Derecho ganado
¿Qué de raro tiene que Arnoldo Alemán haya asistido a la investidura presidencial de Daniel Ortega? Es también su triunfo. Sin un Arnoldo Alemán no habría un presidente Ortega ahora. Tiene todo el derecho de regocijarse, si es a él a quien más le cuesta. Al invitarlo, Daniel Ortega sólo está siendo agradecido con el hombre que hizo el trabajo sucio para que llegara ese momento que ayer se estaba celebrando.
Aliado vergonzante
Lo raro es que hasta ahora Ortega no haya ido a El Chile a agradecer por su victoria. Si no fuese un aliado vergonzante, más que en la plaza era en esa hacienda donde ayer debió estar celebrando. Porque, insisto, más que los votos de sus simpatizantes fue Alemán el artífice de su victoria. Es que si Daniel Ortega ha tenido un techo histórico de votos del 27 por ciento, por ejemplo, Arnoldo Alemán habría aceptado un mínimo de 25 por ciento para ganar y se habría dividido, no en dos, sino en tres el partido que en las dos ocasiones anteriores ha derrotado a Ortega.
Reglas a la medida
Alemán mismo, y quienes quieren exonerarlo de su aporte a la victoria sandinista, insisten en que sí es cierto que Ortega ganó porque existe un 35 por ciento como mínimo electoral, pero cualquiera de los otros pudo ganar con esas mismas reglas. Señores, es cierto que esas reglas eran para todos, pero están diseñadas a la medida de Ortega. A ver si me explico con otro ejemplo beisbolero.
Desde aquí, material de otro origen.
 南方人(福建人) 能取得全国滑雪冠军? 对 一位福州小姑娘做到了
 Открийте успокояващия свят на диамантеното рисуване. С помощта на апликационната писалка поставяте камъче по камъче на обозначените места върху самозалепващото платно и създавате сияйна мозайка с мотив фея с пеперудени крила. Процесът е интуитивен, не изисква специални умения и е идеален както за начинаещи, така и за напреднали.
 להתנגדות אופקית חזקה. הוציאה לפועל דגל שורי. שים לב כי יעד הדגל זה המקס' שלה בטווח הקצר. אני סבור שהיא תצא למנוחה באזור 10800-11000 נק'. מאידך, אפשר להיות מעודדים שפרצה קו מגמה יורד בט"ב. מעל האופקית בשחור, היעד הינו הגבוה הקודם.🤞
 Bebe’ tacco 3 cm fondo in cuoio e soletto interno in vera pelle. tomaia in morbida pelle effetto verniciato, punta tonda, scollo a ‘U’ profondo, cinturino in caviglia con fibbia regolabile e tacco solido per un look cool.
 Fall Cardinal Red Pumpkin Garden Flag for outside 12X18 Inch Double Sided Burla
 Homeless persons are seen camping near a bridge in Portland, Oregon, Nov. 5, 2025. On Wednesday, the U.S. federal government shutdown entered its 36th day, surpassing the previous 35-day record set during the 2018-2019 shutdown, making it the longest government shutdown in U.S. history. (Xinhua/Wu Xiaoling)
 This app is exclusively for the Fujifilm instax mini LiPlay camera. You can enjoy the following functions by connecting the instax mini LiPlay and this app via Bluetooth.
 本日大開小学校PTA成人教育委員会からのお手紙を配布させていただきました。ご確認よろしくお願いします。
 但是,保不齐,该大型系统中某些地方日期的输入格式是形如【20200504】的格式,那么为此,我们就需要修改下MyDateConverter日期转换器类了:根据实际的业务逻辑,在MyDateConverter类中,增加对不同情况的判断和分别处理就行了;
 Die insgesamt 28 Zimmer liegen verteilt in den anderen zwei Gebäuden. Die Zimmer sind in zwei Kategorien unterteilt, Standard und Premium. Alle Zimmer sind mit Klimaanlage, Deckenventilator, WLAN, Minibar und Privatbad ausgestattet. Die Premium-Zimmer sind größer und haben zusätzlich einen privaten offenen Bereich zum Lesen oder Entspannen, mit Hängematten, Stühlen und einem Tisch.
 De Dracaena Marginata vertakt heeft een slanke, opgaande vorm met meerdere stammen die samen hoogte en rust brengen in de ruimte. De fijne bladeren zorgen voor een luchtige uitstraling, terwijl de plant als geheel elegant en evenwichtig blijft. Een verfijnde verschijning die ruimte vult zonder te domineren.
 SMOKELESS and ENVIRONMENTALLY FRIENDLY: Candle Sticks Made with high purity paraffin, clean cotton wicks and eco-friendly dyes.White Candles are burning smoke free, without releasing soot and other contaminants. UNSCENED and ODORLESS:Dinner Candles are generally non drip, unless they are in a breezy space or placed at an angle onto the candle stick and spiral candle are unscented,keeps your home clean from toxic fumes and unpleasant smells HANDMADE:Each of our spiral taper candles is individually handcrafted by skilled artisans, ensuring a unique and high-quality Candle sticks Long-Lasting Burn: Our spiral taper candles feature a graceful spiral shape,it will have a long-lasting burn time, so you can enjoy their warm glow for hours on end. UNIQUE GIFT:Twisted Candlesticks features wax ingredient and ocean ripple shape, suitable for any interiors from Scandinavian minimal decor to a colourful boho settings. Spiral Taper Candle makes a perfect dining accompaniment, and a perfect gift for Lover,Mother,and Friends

Supongamos que tenemos un bateador que le da duro a la pelota pero casi siempre de foul por el jardín izquierdo. Aprovechando no sé qué ventaja, el mánager logra que se amplíe el terreno de juego por el jardín izquierdo, de tal forma que los constantes batazos de su jugador sean ahora válidos. Así, con líneas tendidas que antes eran foules y ahora son batazos legítimos ganó por fin el juego. Ideay, podríamos decir, también el otro equipo podía batear por la nueva zona incorporada al campo. Eran las mismas reglas para todos.
Léxico
Me llama la atención que de las 1,242 palabras que componían el mensaje de despedida del presidente Bolaños el pasado lunes, ninguna de ellas fue “corrupción”. A pesar que fue la bandera con que comenzó su gestión, al momento de su despedida dejó de existir esa palabra en su diccionario.
Traspuesto
Transponer. El diccionario de la Real Academia Española de la Lengua lo define como “poner a alguien o algo más allá, en lugar diferente del que ocupaba”. En Nicaragua “transponer” o más bien “trasponer” lo usamos para indicar cuando una cosa ha sido colocada maliciosamente fuera de su lugar, esperando que su ausencia pase inadvertida para luego quedarse con ella. Es una de las primeras etapas del verbo robar. Alguien de confianza, por ejemplo, traspone, del joyero a una gaveta, una cadena de oro en una casa. Si nadie nota la pérdida o si notándola no lo incriminan, se quedará con ella. Pero si de repente la situación se le va poniendo difícil y todos los dedos lo acusan, podrá decir que la cadena que todos buscan estaba en la gaveta y que por gusto le están echando la culpa a él.
Lotería
¿Por qué traigo el trasponer a colación? Porque esa fue la palabra que se le vino en mente a miles de personas en el caso de la Lotería. A pesar de todas las explicaciones legales y disculpas que puedan ofrecer sus administradores, queda la sospecha de que el premio del millón de dólares estaba “traspuesto” y si no se hubiese armado el escándalo que se armó, y que obligó a sacar lo traspuesto, tendríamos a unos nuevos millonarios que se ganaron el gordo sin haber comprado siquiera un vigésimo.